Keep in mind that depending on the closed platform, running an embedded interpreter might also be considered "evil." There was some FUD back in the early days of the App Store that Apple forbade the use of interpreters/JITs/etc. that downloaded code from outside sources. I don't know firsthand if that's true, but be prepared for some platforms to be off-limits because of draconian garbage like that.

Wielder of the Sacred Wands
[Work - ArenaNet] [Epoch Language] [Scribblings]

Doesn't work at all on IOS

Apple decided that executable memory was a bad thing and nasty game developers could not have any.

This is very common on 'closed platforms'... I've worked on a bunch of games that were written in Lua, but then *interpreted* by LuaJIT (because we had to disable the JIT part).
In many cases, it's still only ~5x slower than native though ;)

yeah, this is one good point about having an interpreter fallback.

may be more portable, and doesn't leave things SOL if for some reason JIT is not really a possibility.

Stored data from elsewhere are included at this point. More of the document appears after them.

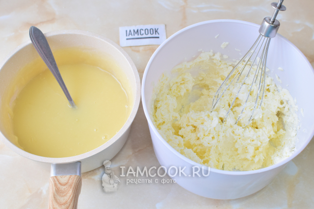 Маскарпоне взбейте, чтобы он стал более воздушным. Предварительно можно его немного подержать на кухне, чтобы он стал мягче. Затем постепенно соединяйте обе массы.
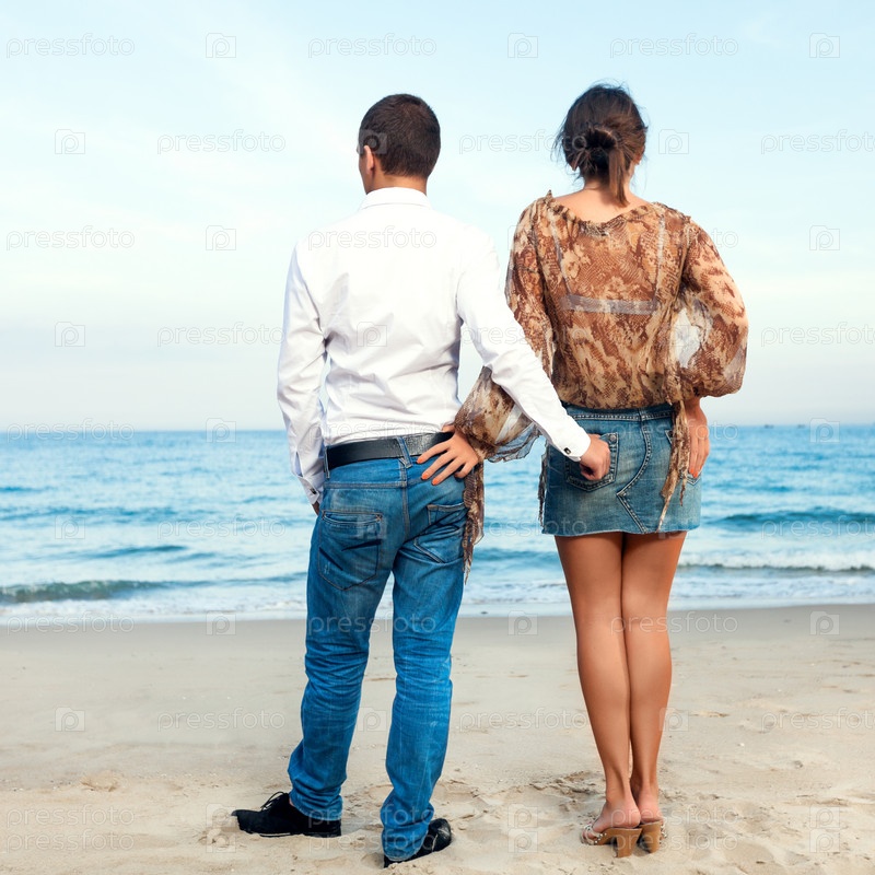 Молодая привлекательная пара на морском пляже
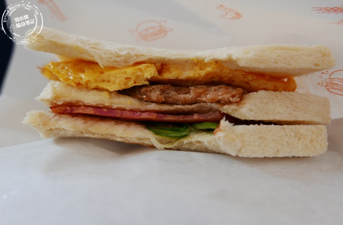 他們家的總匯三明治是不對切的,北邊覺得餡料很豐富,三片用炭火烤過的吐司,酥香又鬆軟,而且去了邊就不會咬到比較硬的口感,裡頭夾的配料有蛋、燒肉、火腿、醃小黃瓜,他們家用的蛋跟一般見到的不一樣,是有點像歐姆蛋的感覺,又大塊又有厚度,重點蛋香十足而且柔軟濕潤,燒肉也是醃得很入味釋放出肉的鮮甜味跟濃郁的蒜香,肉不會很柴很硬,口感軟嫩帶點彈性,非常好咀嚼,還有火腿香氣跟小黃瓜的脆甜,清爽解膩,吐司都會抹上美乃滋,整個滑嫩感增加甜度跟香氣也大大加分,從第一口到最後一口都吃得到內餡,用料非常的實在而且飽足,怪不得會是店裡面的招牌熱賣商品,早上來一份整個營養滿分,非常的健康又好吃。 |
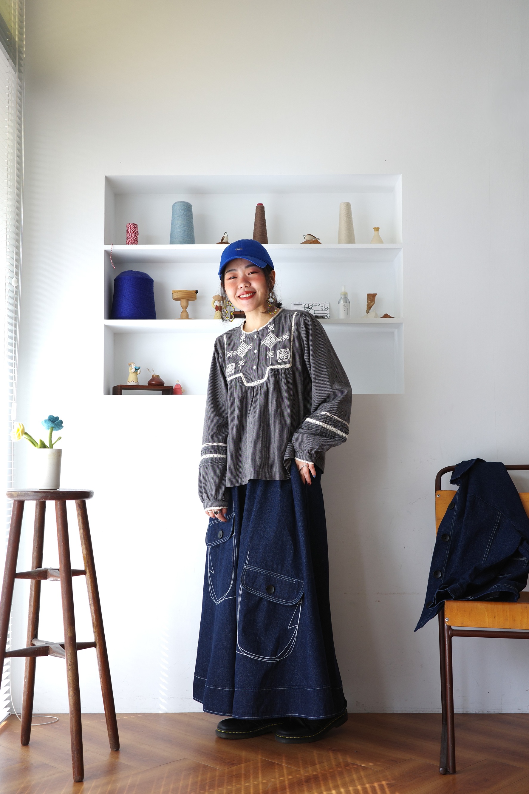 領口半開釦,也非常適合把扣子開成V領搭配木耳立領上衣一起穿堆疊層次。
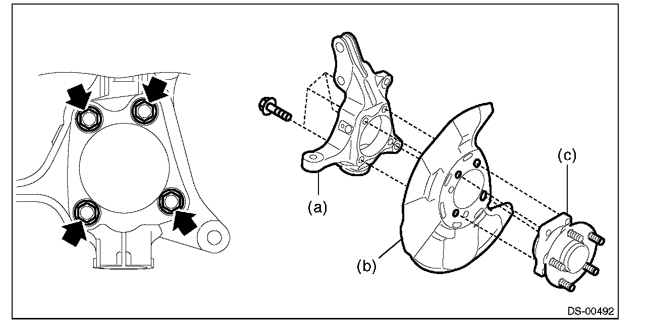 INSTALLATION1) Install the front axle housing (a) and front hub unit bearing (c) to the disc brake cover (b) as shown in the figure, and tighten the bolt.
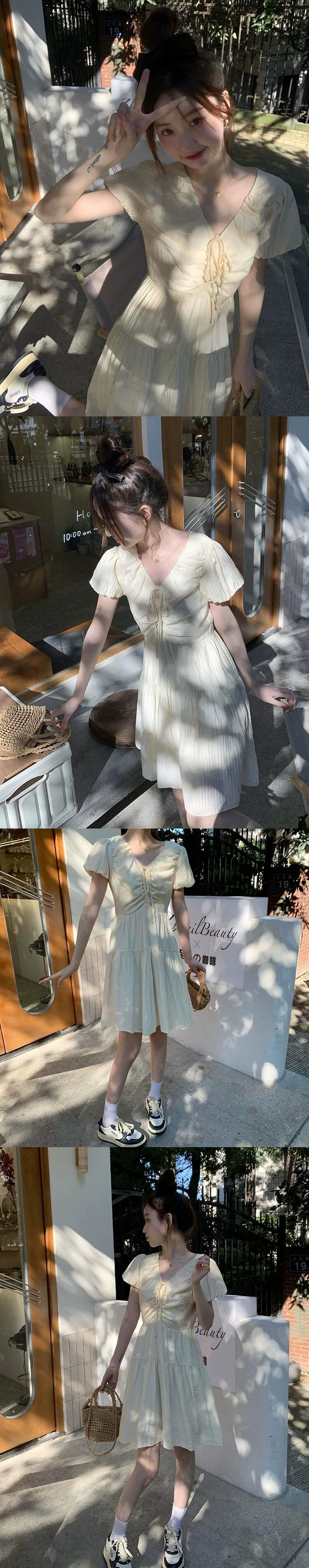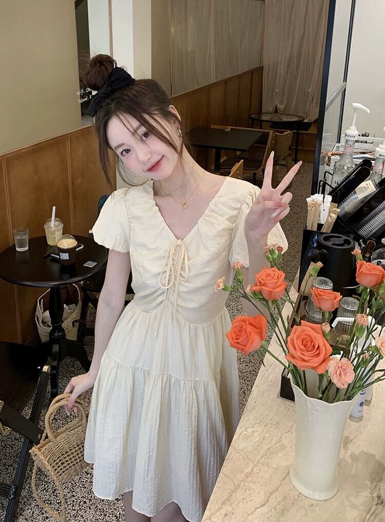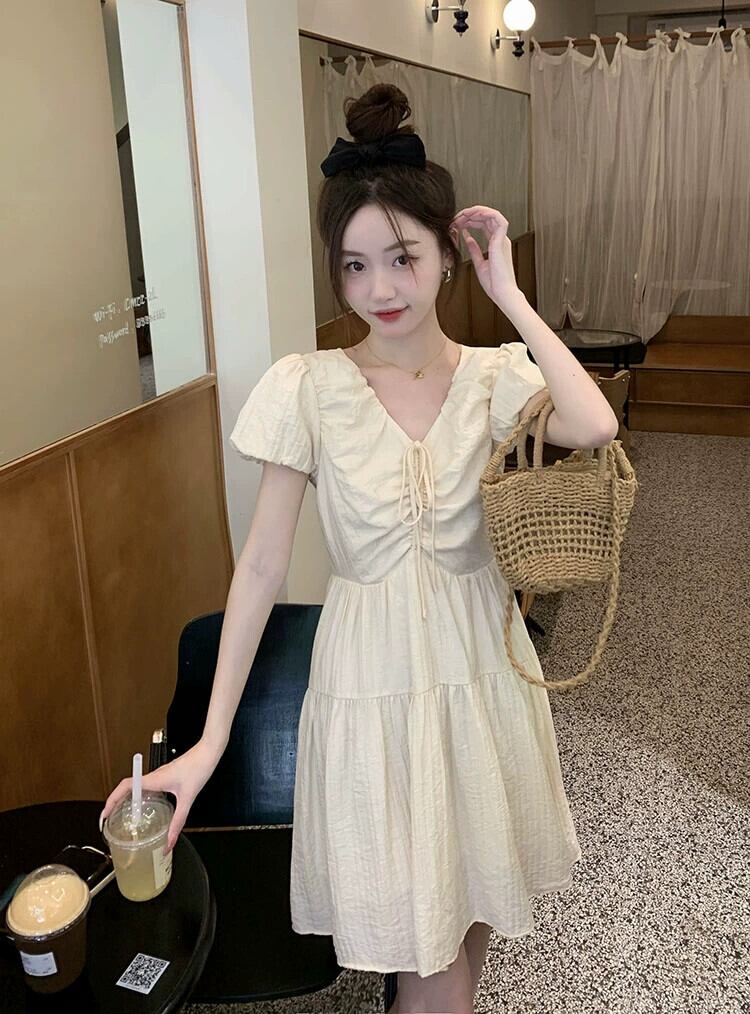 スタイル V ネック巾着デザインドレス女性の夏の 2023 新しいバブル半袖ウエスト痩身 A ラインスカート サマー 夏物 Vネック Aライン 0921938198031621

though 5x does seem a little fast for an interpreter, but I guess it depends a lot on what kinds of code one is testing with, and maybe also the specifics of the hardware one is running on, ...

my figures were mostly from past tests involving calculation-centric tests on AMD x86 hardware with prior interpreters.

I don't yet have any real information on the current interpreter though (now being rewritten in C).

ADD: very initial test (artificial, randomized counter-opcodes), interpreter loop pulls off around 130-200 Mips (~ 17-26 clock cycles per opcode).

could be better, could be worse... will need to get it more complete to be able to determine its C-relative performance.

ADD 2: Simple NOPs: 360 Mips (~ 9 cycles per operation), so about a 2x speed difference is due to each operation incrementing a counter in the former case ( "frm->ctx->stat_n_op++;" ), vs doing nothing (and accumulating at the end of the current trace).

it is 107 Mips (~ 32 cycles / operation) with randomized 3-address arithmetic operators (ex: "frm->reg[op->d].i=frm->reg[op->s].i + frm->reg[op->t].i;" ).

operation payload seems to be a notable factor in this case.